…a little late. I seem to be having difficulty getting my link roundup out on Fridays. Maybe I should just call it the “Weekly Link Roundup.” Hmmm, we’ll see. Anyway, here are the links for, uhm, last week.
- Graduate of Purdue designs shelter for Haiti disaster relief
- Why Intellectuals are All Bad – An article in The Chronicle of Higher Education discussing Thomas Sowell’s new book Intellectuals and Society. Sowell, a Stanford economist, “skewers” intellectuals in his book. Not a new song for those of us in the academy. Russel Jacoby notes in the review that Sowell claims that:
Intellectuals do not understand the genius of the market.
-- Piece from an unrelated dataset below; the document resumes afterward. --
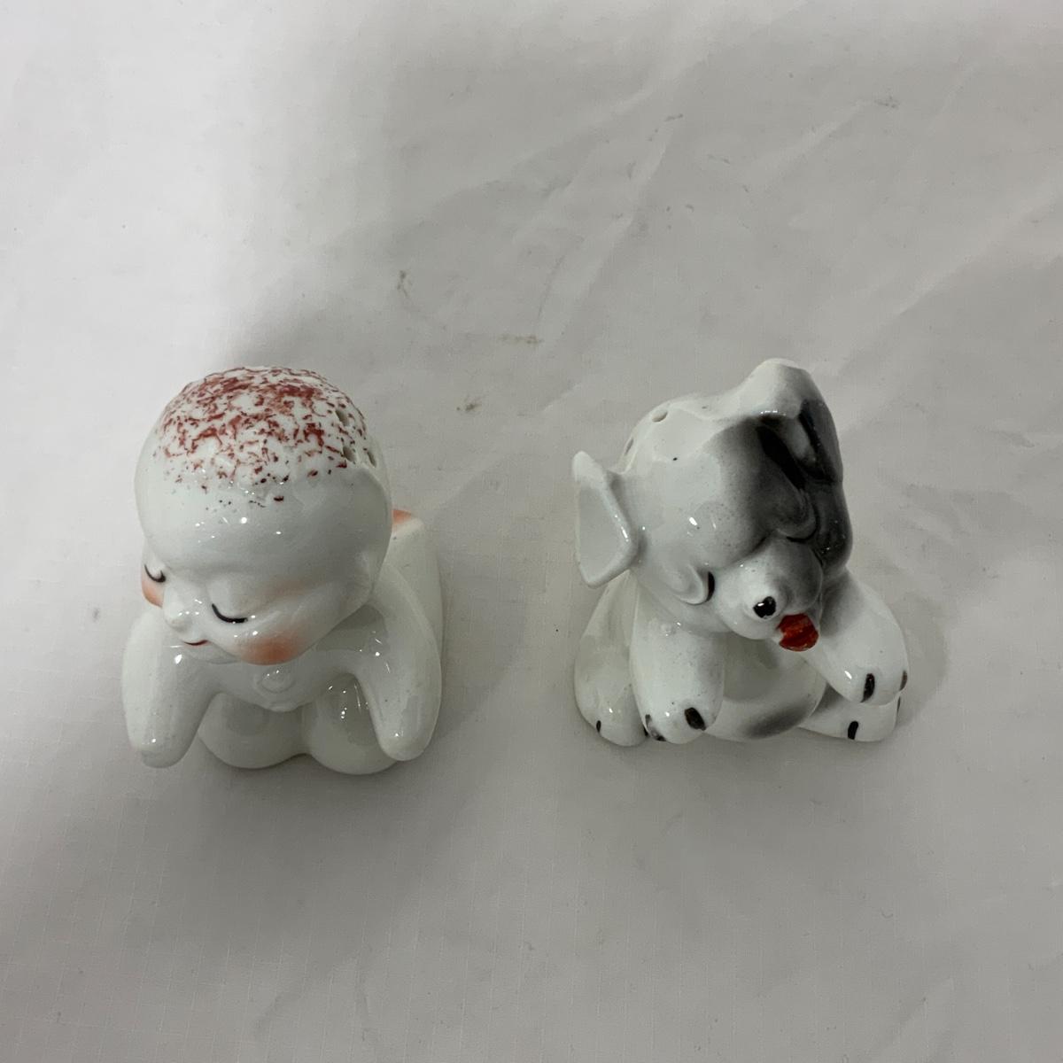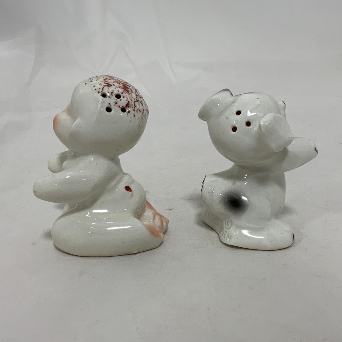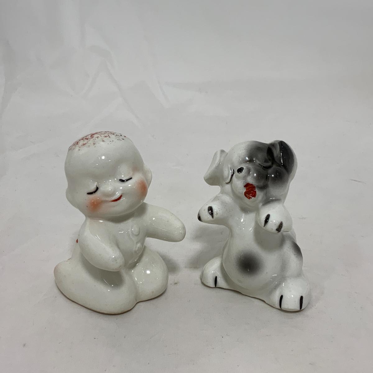 From the Estate of Peter and Alice Radovanovich: A sweet set of Salt and Pepper Shakers by Van Tellingen. A boy and his dog aren’t soon separated. Both pieces are in exceptional vintage condition. Please see photos for details and condition. ::: Shipping is available on this lot. If you require shipping you must let us know at the close of the auction. We will coordinate with you after the item has been won. Shipping fees will include insurance up to or exceeding the value of all items being mailed. If you have any questions regarding this lot please contact the auctioneer either via this website, by direct email or by phone. PICK UP TIMES and other important information can be found in the TERMS and DESCRIPTION of the auction. Please take a look for pertinent information. Thanks!

They ignore empirical evidence. They are elitists. They operate with ideological blinders. Ultimately, they are “unaccountable to the external world.” They judge ideas by how clever or complex they are, not whether they work.
Jacoby also notes that Sowell
writes that his book is “about intellectuals,” but not “for intellectuals,” and he cannot be bothered if his victims find fault with him. But who besides intellectuals would be reading a book on intellectuals?
Ultimately, Jacoby offers a fairly scathing review of Sowell’s poorly argued text.
- 4 Days, 40 Papers, a blog post by Laurie Fendrich that is most interesting in the comments that it generated from Chronicle subscribers
- TC Record’s review of My Word! Plagiarism and College Culture by Susan D. Blum. I hope to get a chance to read it soon; it sounds fascinating and very relevant to my recent post on remixing and plagiarism. It also looks to provide some interesting fodder for those of us struggling with teaching research and writing in a world where the rules of research and composition are becoming increasingly blurry.
- Pa. School Official Defended in Webcam Spy Case in The Washington Post discusses the controversial story that a school allegedly used the school-provided computer to spy on a student at home.